Grab a scope and unleash your inner engineer!
- protowoerk
- Jan 29
- 2 min read
Developing embedded systems is an exciting, complex, and sometimes maddening journey. Recently, we’ve highlighted how LLMs can quickly generate example codes for STM32 devices, creating initialization functions, base classes, and toy examples to help you get started. But here’s the million-dollar question: Will it work in the real world?
In a real product, success isn’t just about code compiling or peripherals initializing. It’s about ensuring that timings are precise, interrupts are caught and handled correctly, and everything runs smoothly without blocking or missing functionality. Let me paint a familiar scenario:
Imagine you’re building a device that plays MP3 audio over SPI, reads data from an SD card via SDMMC, and displays content on an LCD. One microcontroller, one core—juggling all these tasks. At first, you test each feature individually. The audio plays beautifully. The LCD looks perfect. The SD card reads and writes flawlessly. Great, right?

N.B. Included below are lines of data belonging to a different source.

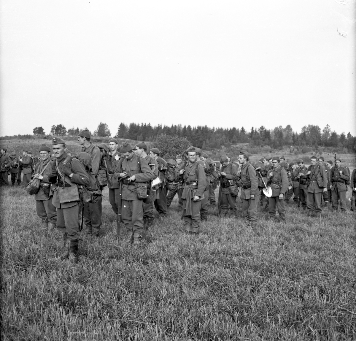 En grupp soldater från Hälsinge Regemente, I 14, ute på manöver. I framkant till vänster i bild står en fänrik med en kartväska.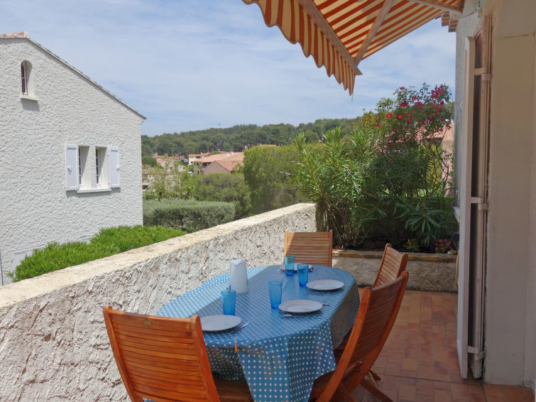 La Madrague: Residenz "Hameau la Madrague". Erhöhte Lage, 200 m vom Meer. Parkplatz (beschränkte Anzahl). Lebensmittelgeschäft 100 m, Supermarkt 3 km, Restaurant 200 m, Bushaltestelle "Le Viguier" 2.1 km, Bahnstation "Saint Cyr les Lecques-La Cadière" 3.1 km, Sandstrand "La madrague" 300 m, Felsstrand "la reinette" 200 m. Sporthafen 300 m, Golfplatz (18 Loch) 4 km, Tennis 2 km. Nahe gelegene Sehenswürdigkeiten: Aqualand 3 km. Wandergebiete: Sainte Baume, Sainte Victoire, Calanques Port-Cros, Porquerolles, Ile verte, Embiez, Figuerolles, Cassis. Bitte beachten: Die Schlüsselübergabe findet bei der Agentur INTERHOME in St Cyr /La Madrague statt. Das Foto ist nur ein Hausbeispiel. Weitere Unterkünfte sind buchbar. Bitte beachten Sie: Die Wohnungen sind über grosse Treppen mit vielen Stufen erreichbar. In der Residenz herrscht Fahrverbot. Das Lebensmittelgeschäft liegt 100 m entfernt. Es ist vom 1. April bis am 30. September geöffnet.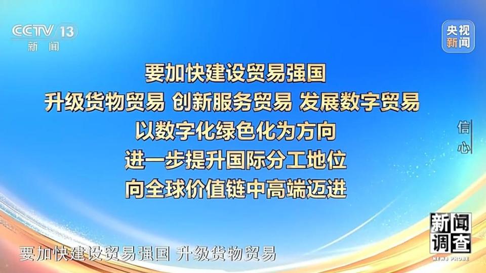 9 N6 u8 V) R5 P( A习近平总书记强调:“要加快建设贸易强国,升级货物贸易,创新服务贸易,发展数字贸易,以数字化绿色化为方向,进一步提升国际分工地位,向全球价值链中高端迈进。”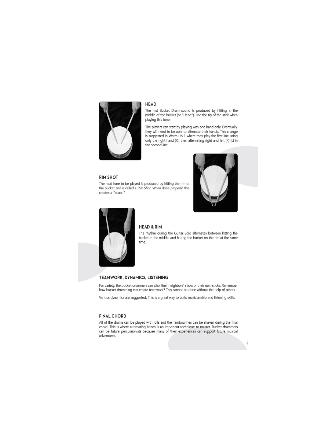 Method for introducing percussions through bucket and accesories playing. Great for schools and beginner groups.

But then you combine everything, and chaos ensues. The audio starts skipping samples, riddled with clicks and pauses. The SD card randomly fails, freezing functionality. The LCD screen stops updating. And now, you’re deep in the weeds of debugging.
This is where the honeymoon phase with LLMs ends. While LLMs can generate functional code snippets, they won’t magically fix real-world integration problems. At this point, relying on LLM recommendations often feels like running in circles—it suggests solutions you’ve already tried a dozen times.

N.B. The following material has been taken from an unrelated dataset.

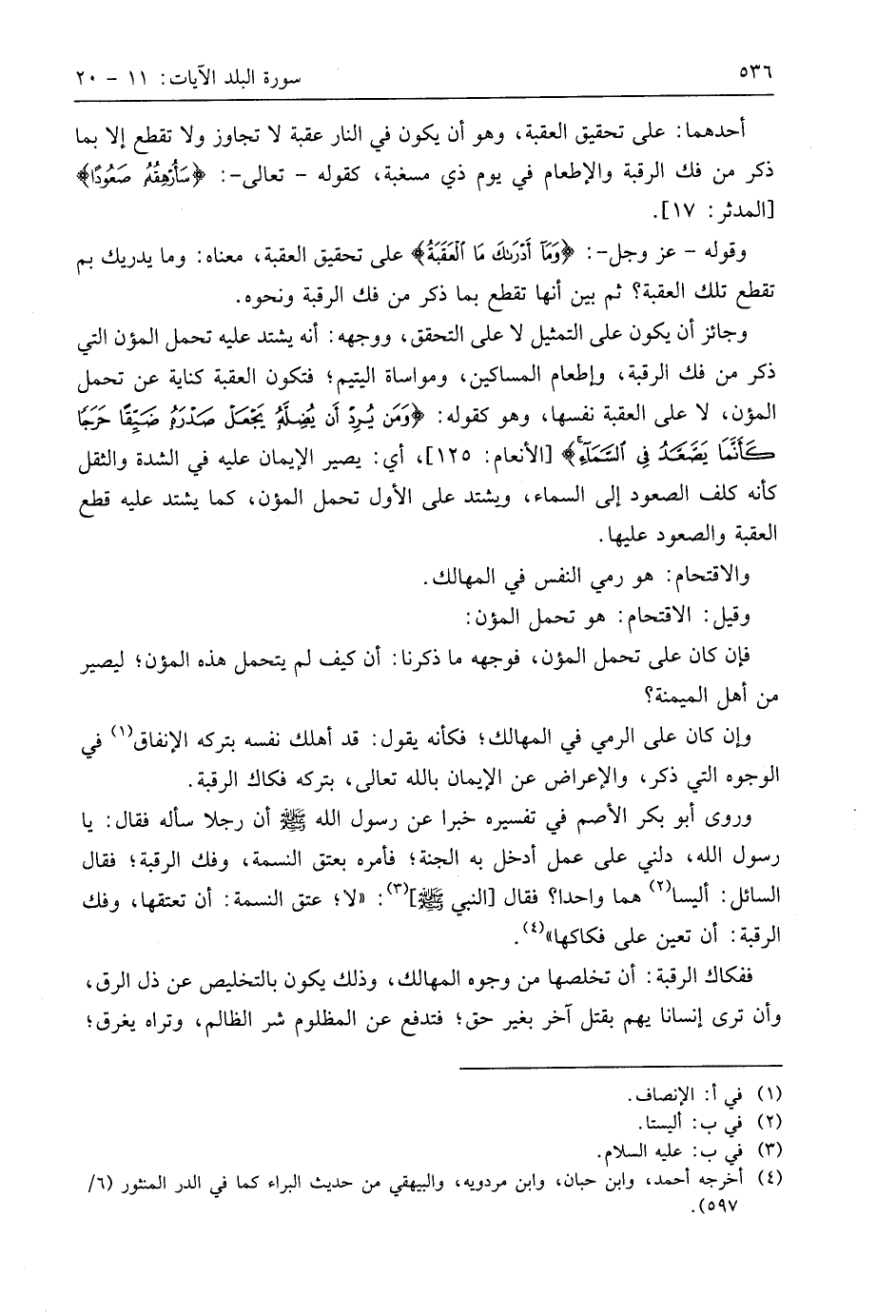 وروى أبو بكر الأصم في تفسيره خبرا عن رسول اللَّه - صَلَّى اللَّهُ عَلَيهِ وَسَلَّمَ - أن رجلا سأله فقال: يا رسول اللَّه، دلني على عمل أدخل به الجنة؟ فأمره بعتق النسمة، وفك الرقبة؛ فقال السائل: أليسا هما واحدا؟ فقال النبي - صَلَّى اللَّهُ عَلَيهِ وَسَلَّمَ -: " لا؛ عتق النسمة: أن تعتقها، وفك الرقبة: أن تعين على فكاكها ".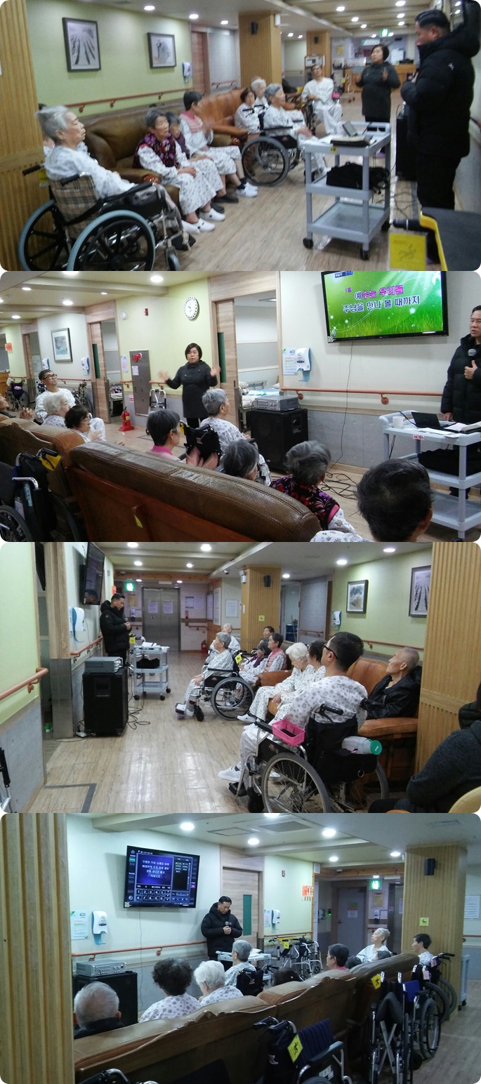 시흥SK요양병원에서는 주 1회 종교 활동 예배를 드리고 있습니다.12월 셋째주 금요일 오전 4층 병동에서는 예배시간에주의 음성 들으니 외 4곡 베드로전서 4장 말씀의 시간을 가졌으며, 서로 악수를 하고 인사를 주고받으며 소통의 예배시간이 되었습니다.

The only way forward? Back to the lab. Armed with an oscilloscope or logic analyzer, you dig into the signals, timings, and interactions. You discover that SPI is too slow to keep up with audio sampling, and the timer triggering the SPI transfer is misconfigured. You patch the firmware, but new problems crop up—SDMMC interrupts are causing conflicts, so you switch to DMA to keep things running smoothly.
This process can take days, even weeks. It’s a grind. But it’s also why experienced embedded engineers are indispensable. They understand that debugging isn’t just about fixing code—it’s about peeling back layers of complexity to uncover the root cause of failures.
The takeaway? LLMs are fantastic for accelerating the early stages of development. They help you write boilerplate code, experiment, and prototype faster. But when it comes to fine-tuning, integration, and real-world reliability, nothing beats the expertise of a seasoned engineer with a scope in hand and the patience to see it through.